> [Your assignment]:
An exact reproduction of the listing is wanted, with the pictures dropped.

> [Source data]:

=-=-=-=-=

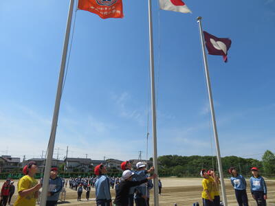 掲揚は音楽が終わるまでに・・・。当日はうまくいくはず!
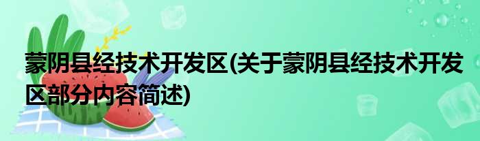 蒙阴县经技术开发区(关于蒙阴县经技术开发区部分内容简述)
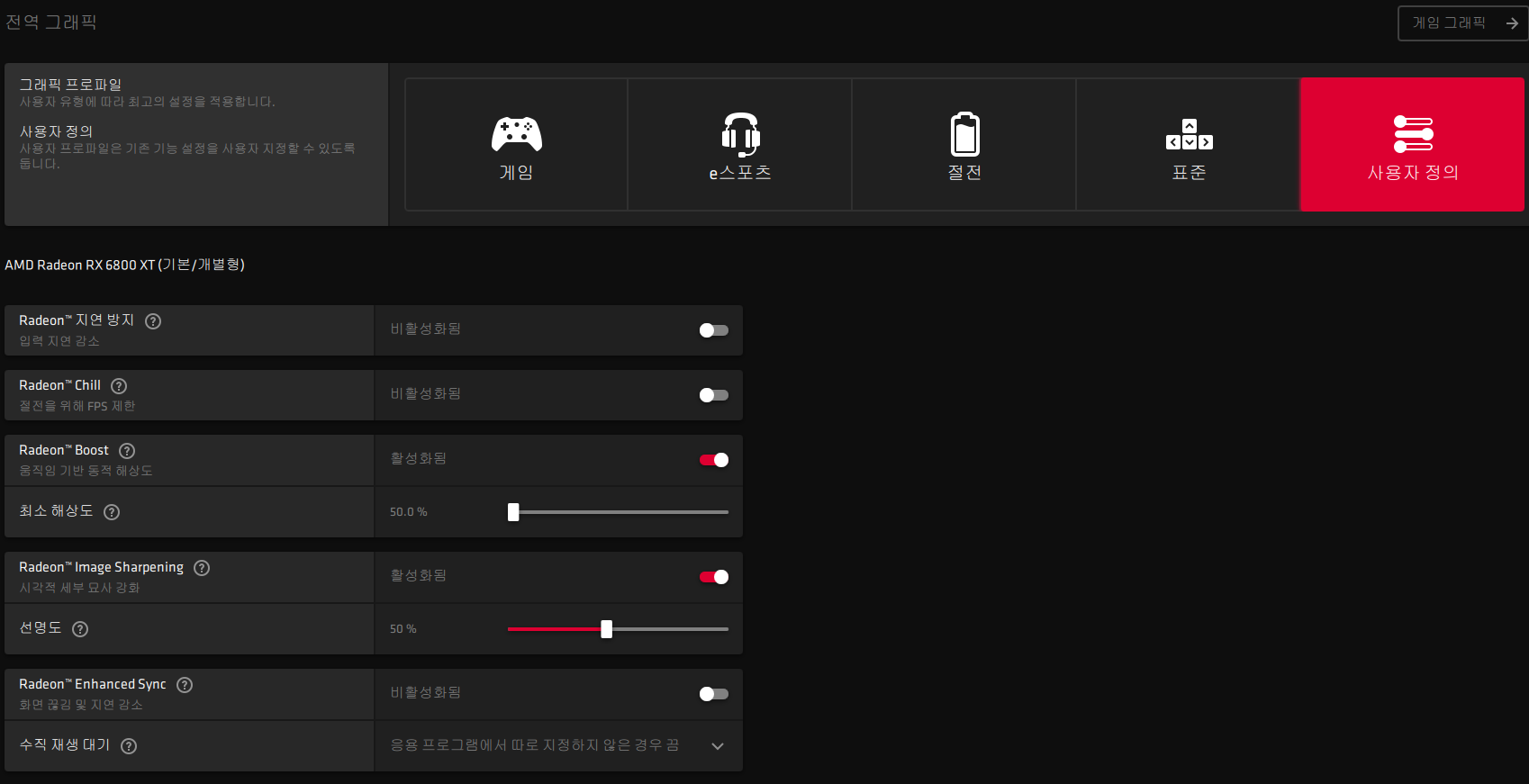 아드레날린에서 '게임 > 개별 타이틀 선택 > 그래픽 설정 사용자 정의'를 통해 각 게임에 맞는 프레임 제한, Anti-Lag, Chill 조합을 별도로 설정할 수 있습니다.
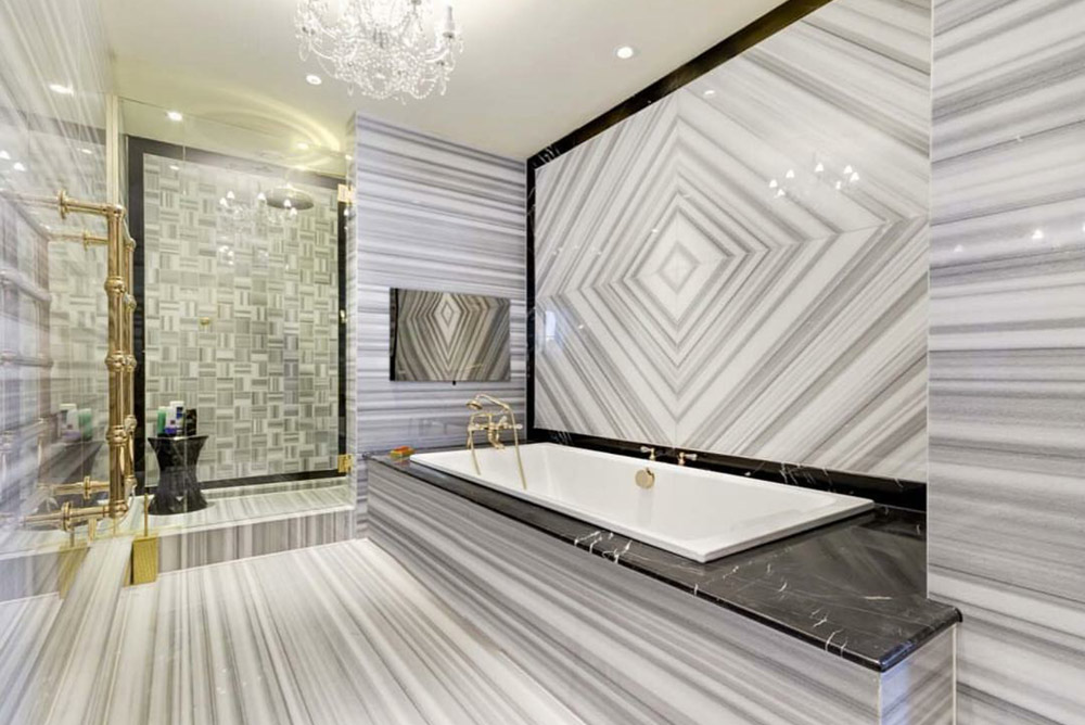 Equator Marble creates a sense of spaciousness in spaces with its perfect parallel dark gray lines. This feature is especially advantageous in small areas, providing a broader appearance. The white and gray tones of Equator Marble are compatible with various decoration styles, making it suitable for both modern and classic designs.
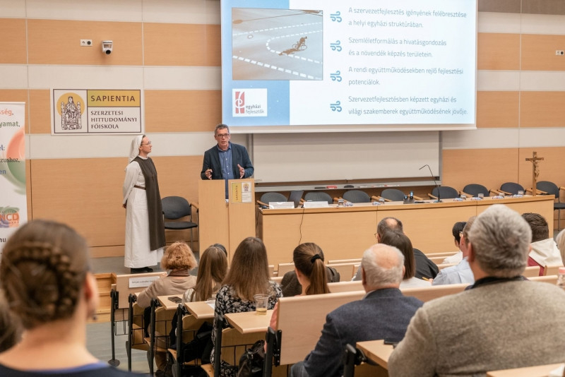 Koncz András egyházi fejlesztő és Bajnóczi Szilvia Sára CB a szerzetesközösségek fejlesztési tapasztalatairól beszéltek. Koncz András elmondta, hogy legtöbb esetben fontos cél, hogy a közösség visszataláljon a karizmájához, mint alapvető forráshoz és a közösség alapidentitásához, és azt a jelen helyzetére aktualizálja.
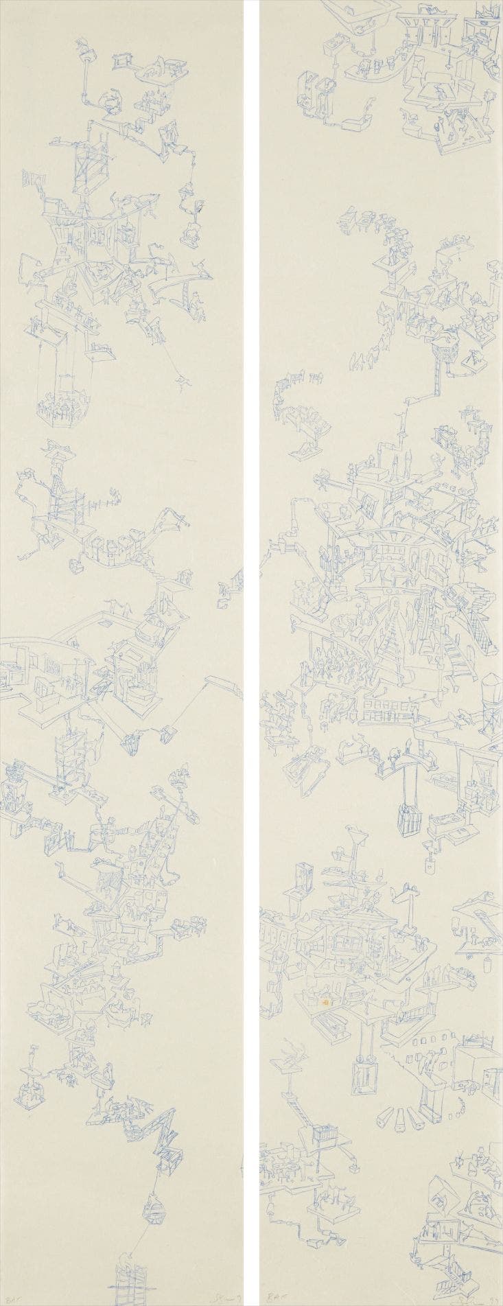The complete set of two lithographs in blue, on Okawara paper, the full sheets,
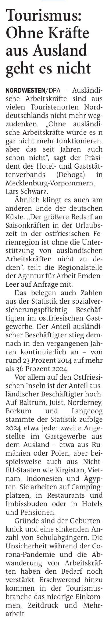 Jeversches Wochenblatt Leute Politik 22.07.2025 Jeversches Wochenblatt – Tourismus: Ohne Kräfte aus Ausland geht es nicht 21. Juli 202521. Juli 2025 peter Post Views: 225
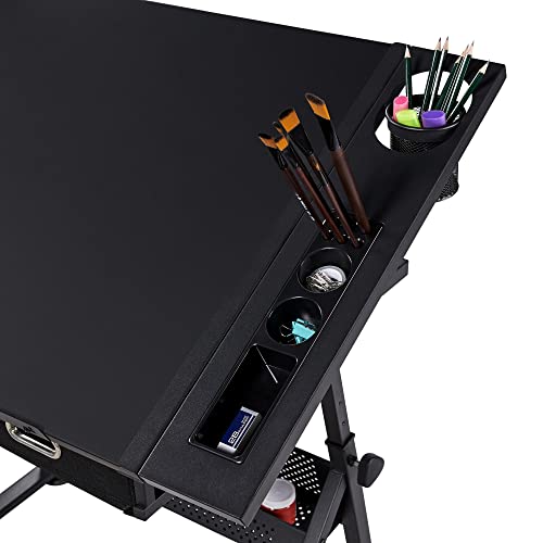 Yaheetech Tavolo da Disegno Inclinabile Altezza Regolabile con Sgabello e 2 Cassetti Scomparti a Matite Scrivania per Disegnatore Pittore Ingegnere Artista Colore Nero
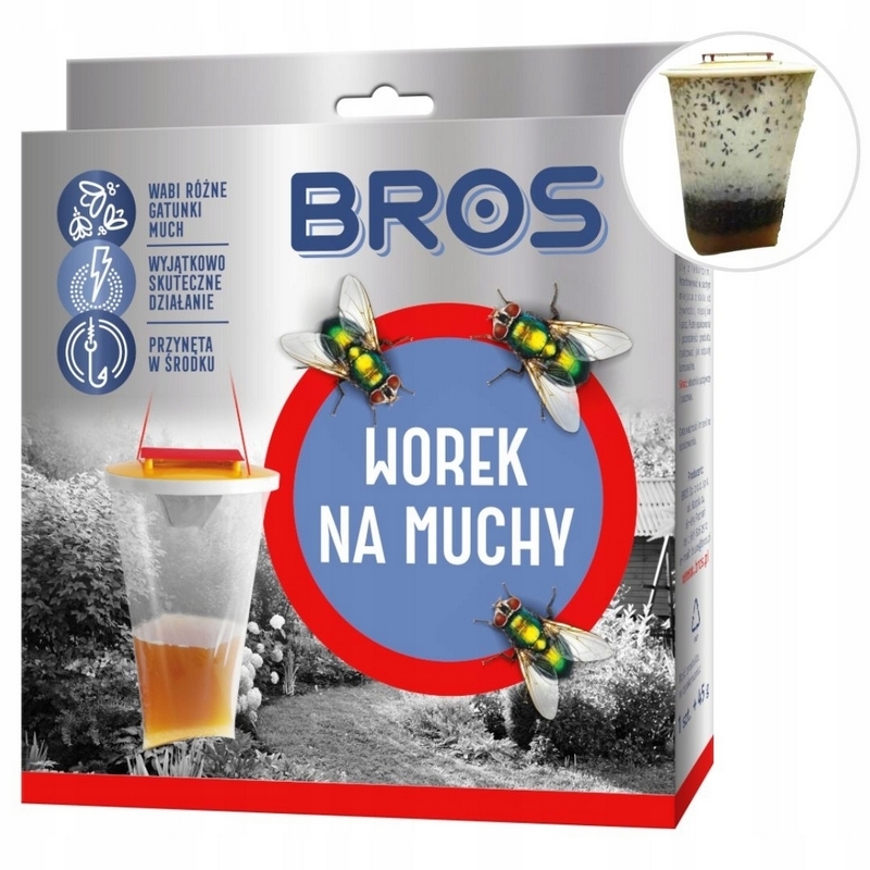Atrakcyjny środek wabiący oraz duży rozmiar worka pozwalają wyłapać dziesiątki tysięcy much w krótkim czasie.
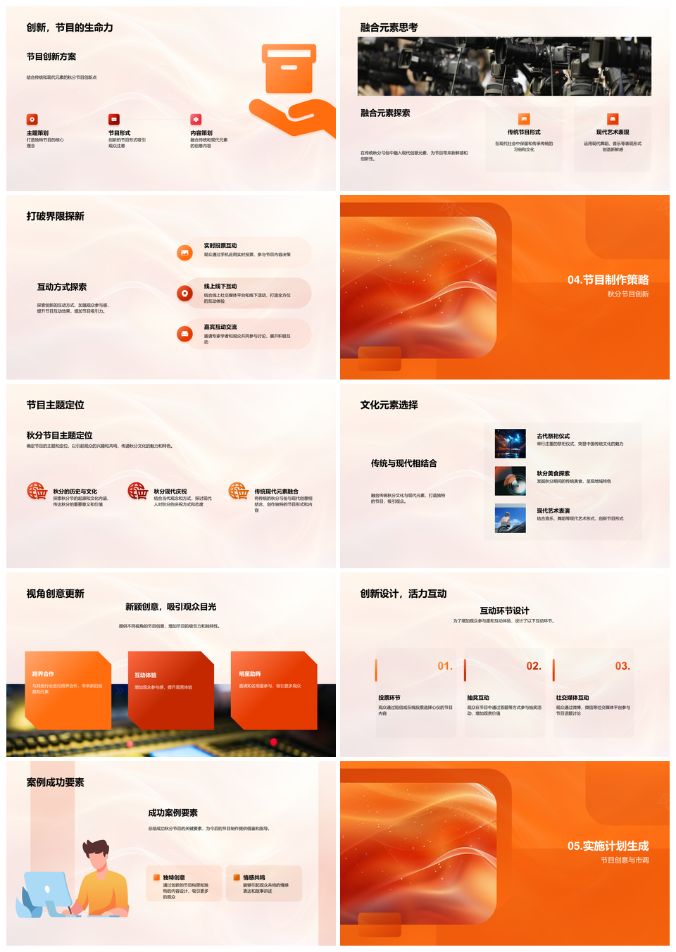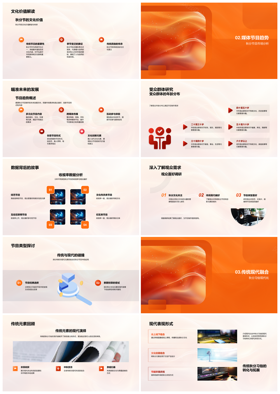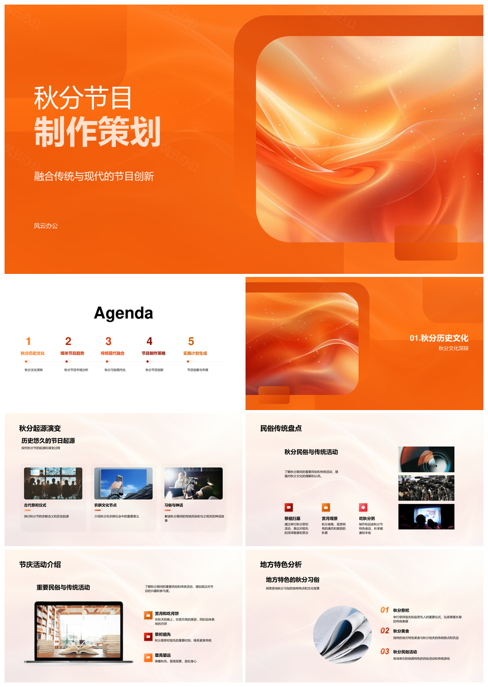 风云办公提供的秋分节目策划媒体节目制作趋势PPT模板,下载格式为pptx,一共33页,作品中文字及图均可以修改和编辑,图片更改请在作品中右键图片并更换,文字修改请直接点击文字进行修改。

=-=-=-=-=

> [Exercise answer]:
 掲揚は音楽が終わるまでに・・・。当日はうまくいくはず!
 蒙阴县经技术开发区(关于蒙阴县经技术开发区部分内容简述)
 아드레날린에서 '게임 > 개별 타이틀 선택 > 그래픽 설정 사용자 정의'를 통해 각 게임에 맞는 프레임 제한, Anti-Lag, Chill 조합을 별도로 설정할 수 있습니다.
 Equator Marble creates a sense of spaciousness in spaces with its perfect parallel dark gray lines. This feature is especially advantageous in small areas, providing a broader appearance. The white and gray tones of Equator Marble are compatible with various decoration styles, making it suitable for both modern and classic designs.
 Koncz András egyházi fejlesztő és Bajnóczi Szilvia Sára CB a szerzetesközösségek fejlesztési tapasztalatairól beszéltek. Koncz András elmondta, hogy legtöbb esetben fontos cél, hogy a közösség visszataláljon a karizmájához, mint alapvető forráshoz és a közösség alapidentitásához, és azt a jelen helyzetére aktualizálja.
The complete set of two lithographs in blue, on Okawara paper, the full sheets,
 Jeversches Wochenblatt Leute Politik 22.07.2025 Jeversches Wochenblatt – Tourismus: Ohne Kräfte aus Ausland geht es nicht 21. Juli 202521. Juli 2025 peter Post Views: 225
 Yaheetech Tavolo da Disegno Inclinabile Altezza Regolabile con Sgabello e 2 Cassetti Scomparti a Matite Scrivania per Disegnatore Pittore Ingegnere Artista Colore Nero
Atrakcyjny środek wabiący oraz duży rozmiar worka pozwalają wyłapać dziesiątki tysięcy much w krótkim czasie.
 风云办公提供的秋分节目策划媒体节目制作趋势PPT模板,下载格式为pptx,一共33页,作品中文字及图均可以修改和编辑,图片更改请在作品中右键图片并更换,文字修改请直接点击文字进行修改。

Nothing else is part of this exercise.